And former Labour MP Zarah Sultana, who last week quit as a Labour member more than a year after having the whip withdrawn, said: "This is a Government not only out of touch but also morally bankrupt. It works for billionaires and big businesses but turns its back on disabled people.
"It holds its summer reception at MasterCard's headquarters while disabled people are pushed to foodbanks. It impoverishes the sick and the elderly to satisfy spreadsheets and then dares to speak of tough choices."
Earlier this week the Department for Work and Pensions (DWP) said changes to the Universal Credit and Personal Independence Payment Bill will pull 50,000 children out of poverty.
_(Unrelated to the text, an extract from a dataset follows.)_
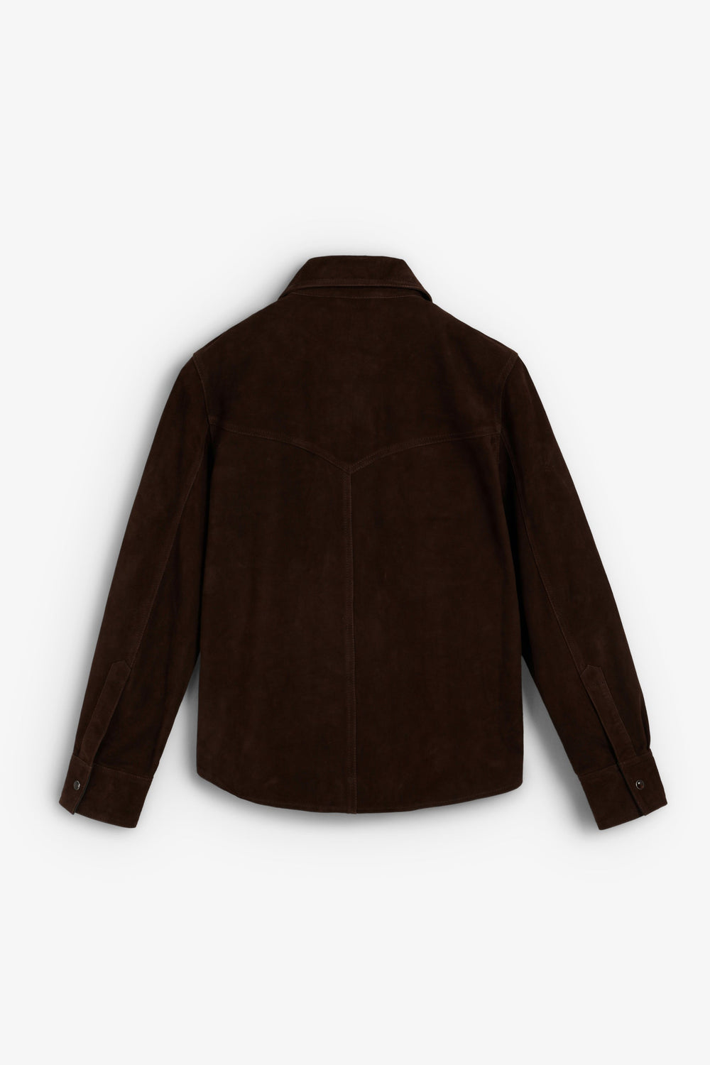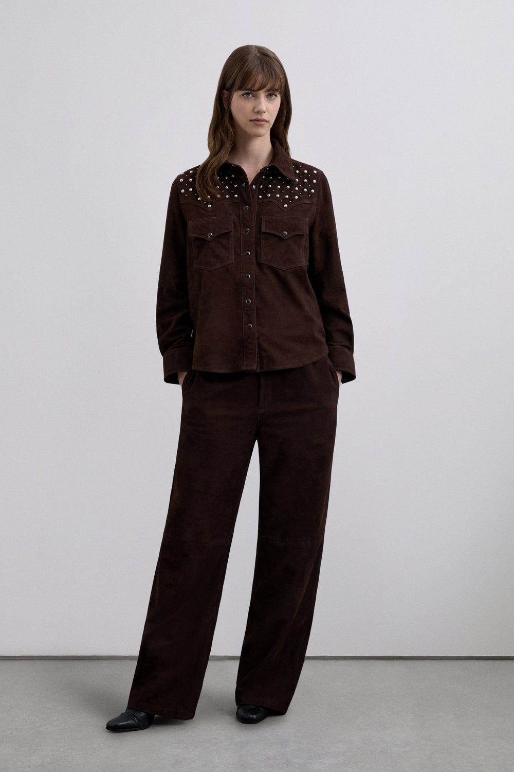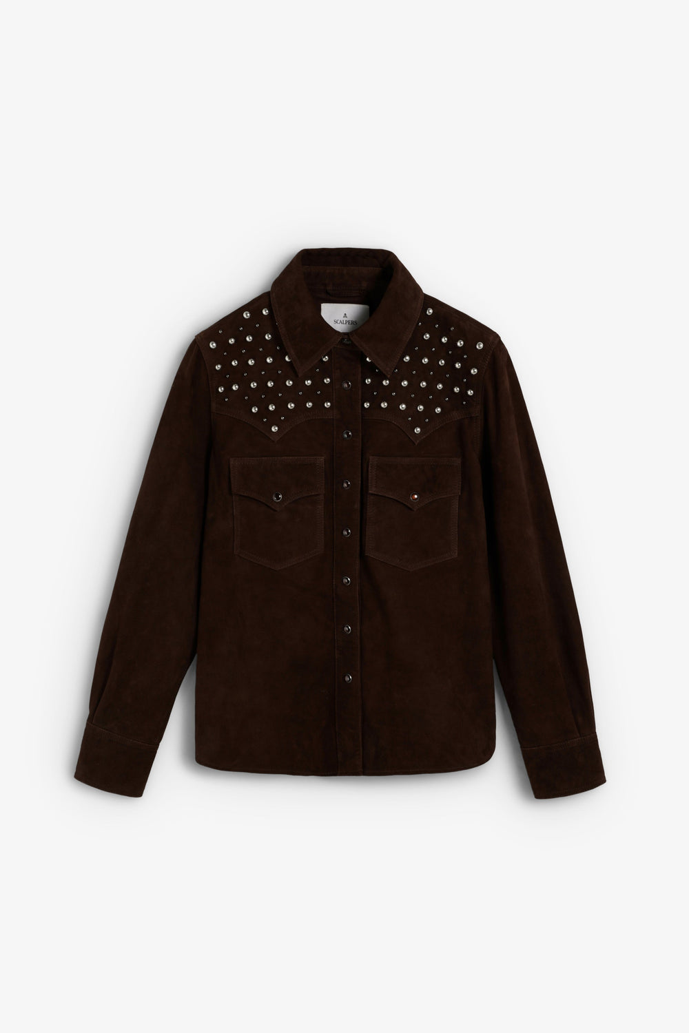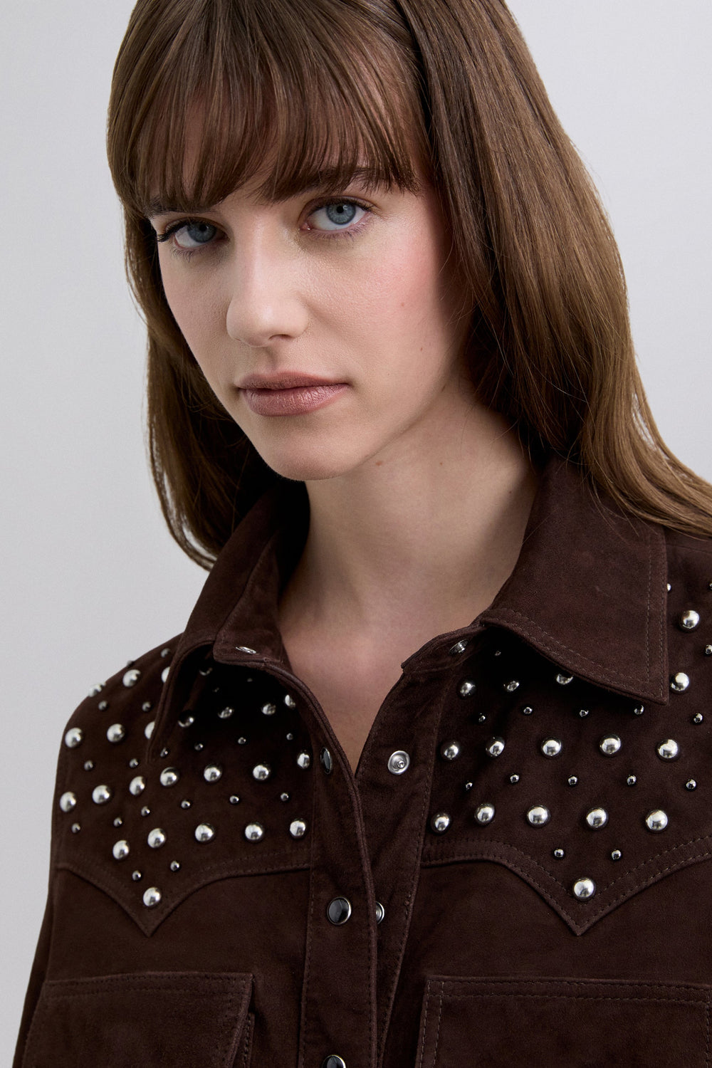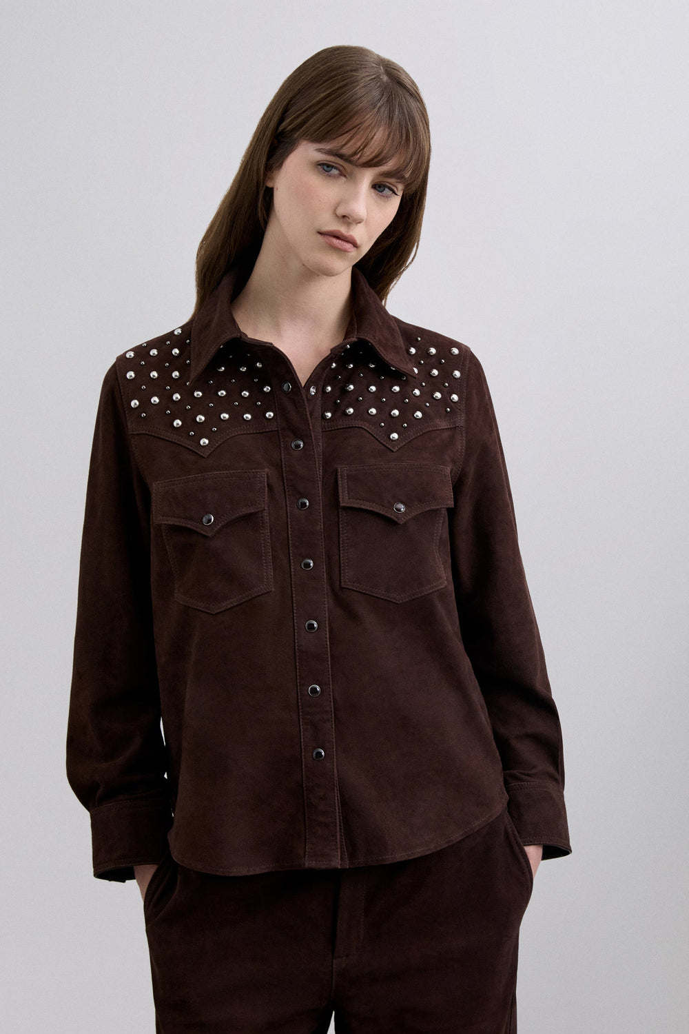 100% suede shirt. Long sleeves and button fastening on the front and cuffs. Stitching detail on the back. Stud detailing around the collar.

Debbie Abrahams, who chairs the Commons Work and Pensions Committee urged the Government to push back its reforms until November next year.
She said: "This is to allow for the NHS capacity to ramp up and to ensure funding follows health need, so that people with newly required conditions or impairments can receive early treatment and a better aligned labour market that will enable them to return to work quickly.
"Without this, there is the risk that 45,000 more newly disabled people and their children will be pushed into poverty."
Labour MP for Penistone and Stocksbridge Marie Tidball urged the Government to properly work with disabled people in the Pip review, known as the Timms review. Ms Tidball, a disabled MP who tabled a cross-party amendment on the Timms review, said: "While the minister will head up this review, the voices of disabled people must be front and centre.
"The measures in this new clause emphasise the need for disabled people and disabled people's organisations to make up the majority of the taskforce, and to have a significant role in the leadership of the review, and I believe carers could be a part of that."
She said any recommendations must be debated in the Commons before implementation. She said: "Output of this review must also be meaningful and not performative."